The Antwerp World Diamond Centre (AWDC) is a public/private corporation, officially representing and coordinating the Antwerp diamond sector. It is located in the heart of Antwerp in the Hoveniersstraat. The chief executive officer of AWDC was Ari Epstein. He resigned in April 2024. The Diamond office facilitates the import and export of diamonds in and out of Antwerp. This is primarily done through marketing campaigns, services, conferences, trade fairs, economics missions, and various other ways. The World Diamond Center is home to all of the major diamond mining companies, which discover diamonds for over 1,800 individual diamond dealers across the globe. Other groups that aid in development, protection, and processing of these diamonds include diamond banks, insurance brokers, forwarders, best polishers, and researchers.

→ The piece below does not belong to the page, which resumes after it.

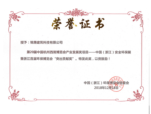 中國安全環(huán)保展暨浙江首屆環(huán)保博覽會突出貢獻(xiàn)獎

It is acknowledged as the diamond capital of the world.

==History==

In October 1973, the AWDC was established as the Hoge Raad voor Diamant (HRD), or Diamond High Council, by the Belgian government and diamond industry representatives. Their mission was to protect and promote the diamond sector in Belgium. It also had a commercial branch to issue certificates. In 2007, the Diamond High Council was restructured and split up in two different enterprises. One of them, the Antwerp World Diamond Centre (AWDC), a private foundation, is responsible for the representation of the collective interests of the Belgian diamond industry domestically and abroad. It also promotes Antwerp as the global capital of the diamond industry. The second, HRD Antwerp, a completely independent subsidiary of AWDC, is a commercial organization with six different branches: Diamond Lab, Precious Stones Lab, Research, Education, Graduates Club and Equipment.

==The Diamond Office==
The Diamond Office is a government authorized service providing body, established in 1945, enabling the post-war diamond industry to quickly pick up again. The Diamond Office uses a unique model for import and export procedures: one-stop import & export clearing.